Giriş yapmadınız.

Sayın ziyaretçi, Muhabbet Fedâileri sitesine hoş geldiniz. Eğer buraya ilk ziyaretiniz ise lütfen yardım bölümünü okuyunuz. Böylece bu sitenin nasıl çalıştığı konusunda ayrıntılı bilgilere ulaşabilirsiniz. Eğer sitenin tüm olanaklarından faydalanmak istiyorsanız, kayıt yaptırmayı düşünmelisiniz. Bunun için kayıt formunu kullanabilir ya da bu bağlantıya giderek kayıt işlemi hakkında daha fazla bilgi alabilirsiniz. Eğer önceden kayıt yaptırdıysanız buradan giriş yapabilirsiniz.

1

04.04.2005, 17:44

Harun Yahya (Adnan Oktar) hakkında...

Arkadaşlar herkese selamün aleyküm,Bir soru sormak istiyorum.Fikri olanların cevab vermesini rica ederim.Sorum şu ki; Harun Yahya adını kullanan biri var (Harun ve Yahya peygamberlerin ismini birleştirmiş).Ve yaklaşık her tv kanalında ve dini gazetelerde kendisine ait bilim araştırma vakfının çıkardığı reklamlar var.Sanırım herkes bu belgeselleri görmüştür.Aklıma gelenler Kur'an mucizeleri,Kıyamet Alametleri, Ve Peygamberlerin Hayatları vb. ben de bu belgeselleri bilgisayarıma Harun yahya sitesinden indirdim 1-2 tanesini izledim.Ancak bu adamın ismi gerçekte Adnan Oktar ve bundan yaklaşık 5 yıl önce emniyetin operasyonu ile tutuklanmış ancak hakkında şikayet olmaması nedeniyle dava düşmüştü.Ve bu adam basında sıkça çıkmış kendisinin zengin bir çevrede yandaş bulduğu ve bazı mankenlerle ilişki kurduğu,ve sapık ilişkiler kurduğu söylemleri çıkmıştı ve simdi dini içerikli programlar yapmaktadır.şimdi bu kişi hakkında müspet veya menfi bilgisi olan varsa cevaplarınızı bekliyorum

2

04.04.2005, 17:51

Yıllar önce olanların komplo olduğunu düşünmekteyim. Harun Yahya ve ahbabıyla anlaşamadığım nokta, Mehdi, Deccal meselesidir, Deccal'in kim olduğunu bile bile (Risale-i Nur'a o kadar vukuflarına rağmen) sitelerinde reklamını yapıyorlar. Belki devlet onlara bu konuda susmalarına + reklam yapmalarına karşılık para veriyordur. Malum darbeden sonra, bütün cemaat liderlerine teklif yapılıyor, malum şahıs hakkında kötü konuşmayın diye. Mehmet Kutlular (Yeni Asya imtiyaz sahibi) abiye de aynı teklif yapılmış: "Bu meselede anlaşalım, devletin bütün imkanları sizin."

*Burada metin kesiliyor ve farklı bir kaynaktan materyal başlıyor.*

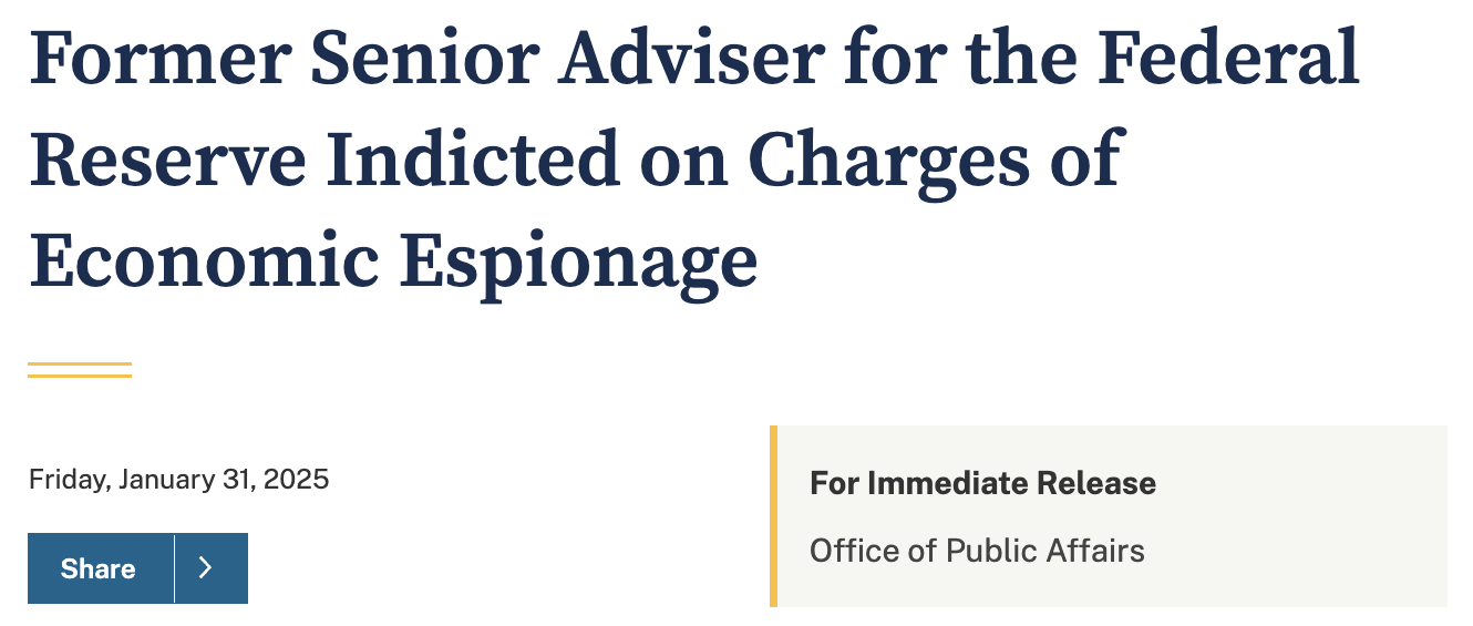 Bản cáo trạng tiếp tục, “Ít nhất là từ năm 2018, Rogers bị cáo buộc đă lợi dụng công việc của ḿnh tại FRB để thu thập thông tin bí mật thương mại liên quan đến các tập dữ liệu kinh tế độc quyền, các cuộc thảo luận về thuế quan nhắm vào Trung Quốc, sổ tóm tắt cho các thống đốc được chỉ định và thông tin nhạy cảm về các cuộc thảo luận của Ủy ban Thị trường Mở Liên bang (FOMC) và các thông báo sắp tới.

Sırf bu meseleden ötürü bir çok zorluk çekildi. Bütün gazeteler basın destek fonundan para alırlar, bir Yeni Asya almaz, işte kendilerine zıt olanları ezme yoluna gidiyorlar. Harun Yahya'yı da belki bu yüzden ezmek istediler geçmişte... şimdi ise pek de ezik hali yok Harun Yahya'nın, kim bilir... Su-i zanda tavan yapmamak için burada kesiyorum.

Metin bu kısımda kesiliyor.